Our study shows that most people using e-scooters are under 18. As a result of injuries, patients under 18 experience disruption in their education and difficulty meeting their daily needs. Bloom et al., in their study, only 3% of people using e-scooters in Los Angeles reported using helmets and protective equipment [14].
Paudel et al. emphasize that the center of gravity changes forward and upwards due to the driver standing, sudden deceleration with the e-scooter, or impact [15]. They report that upper extremity injuries are seen more frequently due to the center of gravity change. Our study found it statistically significant that upper extremity fractures due to the falling mechanism were more common.
The treatment modalities vary according to the fracture pattern and the mechanism of occurrence. Only two patients underwent open reduction internal fixation in clavicle fractures due to skin irritation (Figure 1).
Figure 1. Fifteen-year-old male falls from an e-scooter. The plain radiograph on the left shows a displaced clavicle shaft fracture. Treatment has been made as open reduction and internal fixation. The post-operative radiograph is given on the right.
All other clavicle fractures have been followed conservatively. The fractures of nine patients with humeral fractures were non-displaced fractures suitable for conservative follow-up, so they were followed up conservatively. All four patients with elbow fractures were under 18 and operated on because of displaced fractures involving the joint, and no complications were observed during their follow-up. Lower extremity fractures were usually treated operatively, and early range of motion was encouraged (Figure 2 and Figure 3).
Figure 2. Fifteen-year-old male displaced left femur shaft fracture.
Figure 3. Treated with plate-screw osteosynthesis. Six months follow-up radiographs show the union of the fracture site.

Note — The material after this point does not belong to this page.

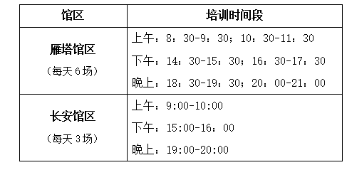 1.班级负责人就近选择在雁塔、长安两馆区总服务台进行现场预约,总服务台每天工作时间为8:00-22:00,该时段内随时接受预约申请;
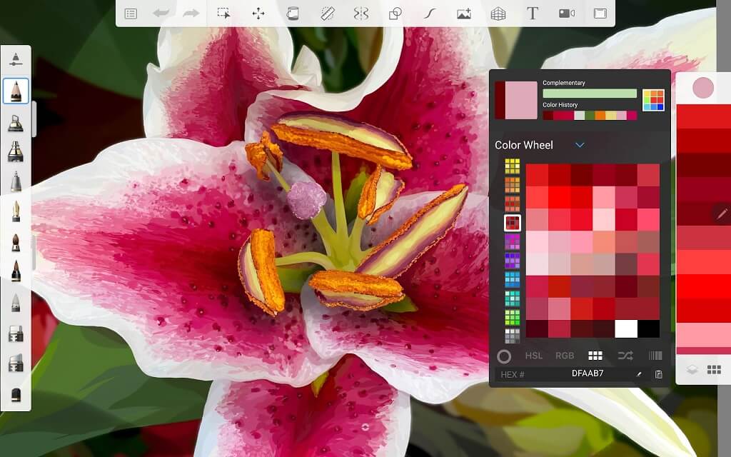 Πλεονεκτήματα:Πάνω από 80 βούρτσες και άλλα εργαλεία σχεδίασης, υποστήριξη στρώματος (και λειτουργίες ανάμειξης) και εξαγωγές σε πολλαπλές μορφές, όπως JPEG, PNG ή PSD για εισαγωγή στο Adobe Photoshop.

Although six patients had fractures in multiple regions, seven of the 33 lower extremity fractures were open. Appropriate antibiotic therapy was administered after the temporary fixation of open fractures with an external fixator. After excluding the risk of infection, their definitive surgical treatment was made, and no complications were observed in the follow-up. Usually, open fractures had a high tendency to produce complications. We believe these complications are avoided because of the early administration of antibiotherapy and adequate debridement.

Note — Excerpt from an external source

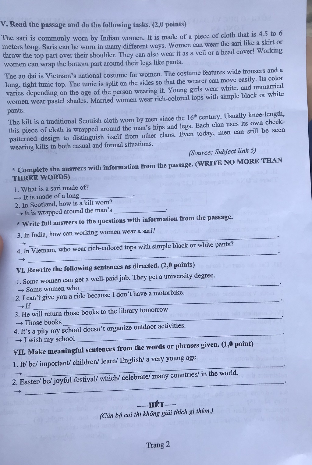 Nhận xét về đề thi, thầy Nguyễn Thanh Tuấn, giáo viên môn Tiếng Anh, Trường THCS Thị Trấn Tân Hưng (huyện Tân Hưng) cho biết: “Đề thi Tiếng Anh năm nay bám sát cấu trúc đề thi Sở Giáo dục và Đào tạo ban hành, phù hợp với điều kiện dạy và học trực tuyến và trực tiếp. Đề thi có các câu hỏi về chia dạng động từ, giới từ và liên từ khá dễ. Chủ đề của các bài đọc hiểu về một số loại trang phục và lễ hội Diwali khá thú vị, từ vựng không mang tính hàn lâm, văn phong viết cơ bản dễ hiểu. Các bài đọc đều có trích dẫn nguồn, có độ tin cậy cao. Phần chuyển đổi câu ở mức cơ bản, nằm trong chương trình học. Tuy nhiên, phần thành lập câu theo gợi ý mang tính phân loại, đòi hỏi thí sinh phải có kiến thức ngữ pháp vững chắc mới làm tốt được. Ngoài ra, đề thi có liên hệ thực tế với một số sự kiện nổi bật diễn ra gần đây như vụ việc cựu Thủ tướng Shinzo Abe bị ám sát, kỳ Sea Games 31 tại Việt Nam và việc học trực tuyến qua Ứng dụng Zoom”.

The financial burden is a big concern in this new orthopedic trauma requiring surgical intervention. A current study in the literature stated that e-scooter-related injuries in the employed population had caused a substantial economic impact, with more than 1,000,000€ the indirect cost of our hospital during the reviewed period [16]. However, we can not state a financial issue in this article. This is a subject of further study.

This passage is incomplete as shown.